Items from a dataset:
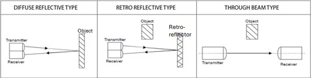 図1:PE近接センシングは、3つの物理的配置で透過光ビームと対応するレシーバを使用することができます。(画像提供:Proximity Switch)
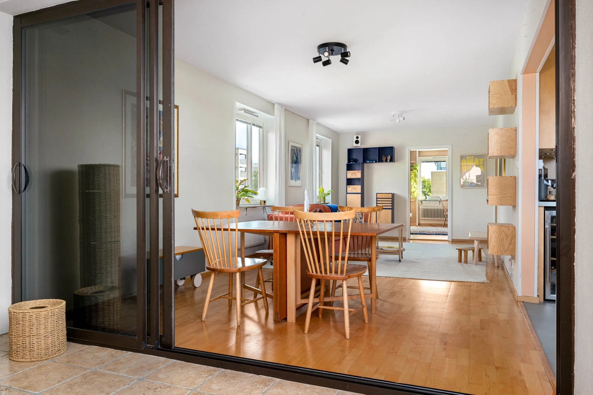 Nu har vi nöjet att presentera en ljus och välplanerad bostad med fönster i hela tre väderstreck - något som ger ett härligt ljusinsläpp hela dagen. Lägenheten erbjuder rymliga sovrum med gott om förvaring samt ett luftigt vardagsrum med plats för både soffhörna och matsalsgrupp. Den inglasade balkongen är en av föreningens största, vilket ger generösa möjligheter till varierad och trivsam möblering - perfekt för både avkoppling och sociala tillställningar. Här finns alla bekvämligheter du kan önska: diskmaskin, tvättmaskin, torktumlare samt en integrerad vinkyl i köket som ger det lilla extra. Läget är svårslaget - med grönområden, matbutiker, caféer och universitetet på gångavstånd. Goda kommunikationer finns precis utanför dörren, och stadskärnan når du på bara några minuter med cykel. Varmt välkommen på visning!
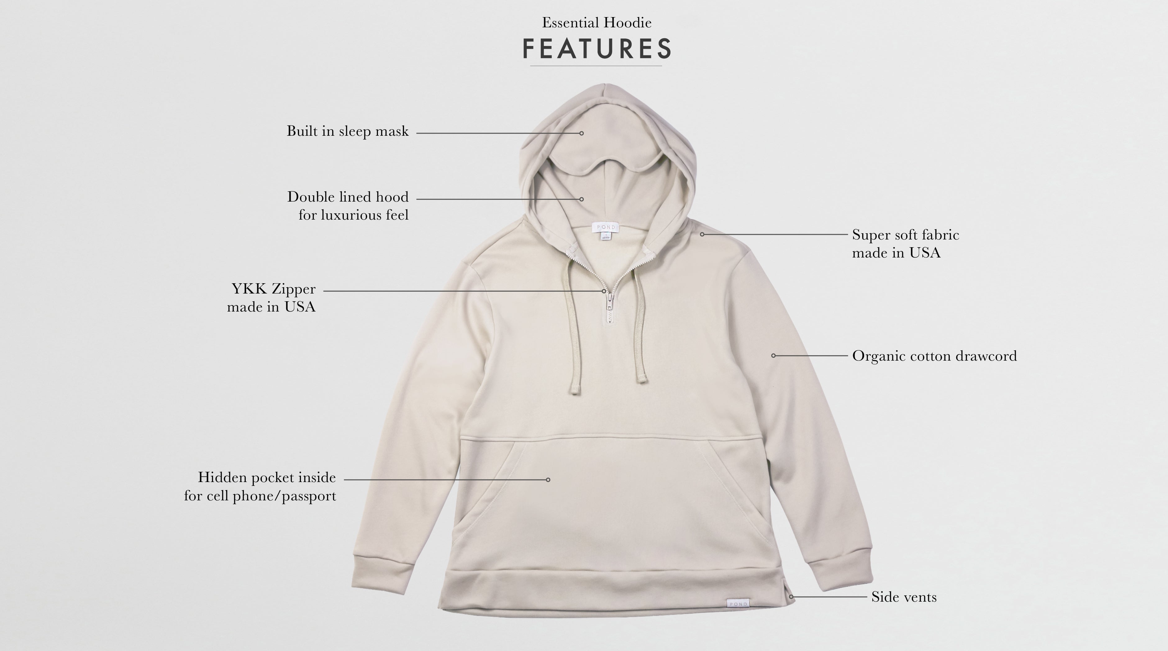 Crafted in Los Angeles in limited batches, this hoodie was designed with intention, for comfort in motion and moments of stillness. With cloud-soft fabric, premium YKK zippers, and a built-in nap mask, it wraps you in warmth and calm wherever your journey takes you.
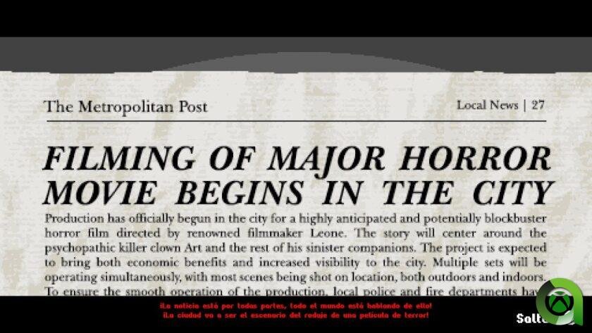 Lanzado este mismo 21 de noviembre en PC y todas las consolas, Selecta Play nos trae la obra del estudio vasco Relevo. La verdad que, aunque el juego no tiene nada que ver en lo argumental con las películas del payaso Art, estamos ante uno de esos juegos que los fans de la saga cinematográfica sabrán apreciar con algo más de cariño.
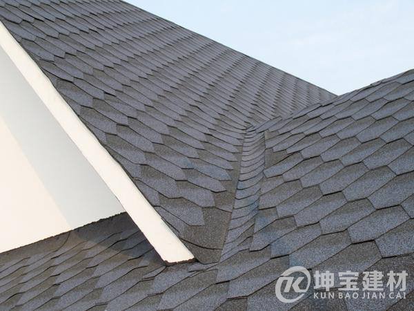 瀝青瓦是以玻璃纖維氈為胎體,經(jīng)浸涂優(yōu)質(zhì)石油瀝青后,瓦片一面覆蓋彩色礦無粒料物質(zhì),另外一面撒以隔離材料所制成的瓦狀屋面防水片材,它具有良好的防水、裝飾功能和色彩豐富,形式多樣,質(zhì)輕面細,施工簡便等特點。缺點是容易老化。
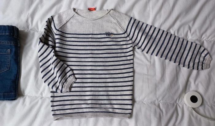 Pull gris rayé bleu type marinière t4ans - photo numéro 4

**Prompt**
Write out again exactly the lines from the start of the data above through the line containing "Nu har vi nöjet", inclusive, excluding any pictures.

**Reply to the task**
 図1:PE近接センシングは、3つの物理的配置で透過光ビームと対応するレシーバを使用することができます。(画像提供:Proximity Switch)
 Nu har vi nöjet att presentera en ljus och välplanerad bostad med fönster i hela tre väderstreck - något som ger ett härligt ljusinsläpp hela dagen. Lägenheten erbjuder rymliga sovrum med gott om förvaring samt ett luftigt vardagsrum med plats för både soffhörna och matsalsgrupp. Den inglasade balkongen är en av föreningens största, vilket ger generösa möjligheter till varierad och trivsam möblering - perfekt för både avkoppling och sociala tillställningar. Här finns alla bekvämligheter du kan önska: diskmaskin, tvättmaskin, torktumlare samt en integrerad vinkyl i köket som ger det lilla extra. Läget är svårslaget - med grönområden, matbutiker, caféer och universitetet på gångavstånd. Goda kommunikationer finns precis utanför dörren, och stadskärnan når du på bara några minuter med cykel. Varmt välkommen på visning!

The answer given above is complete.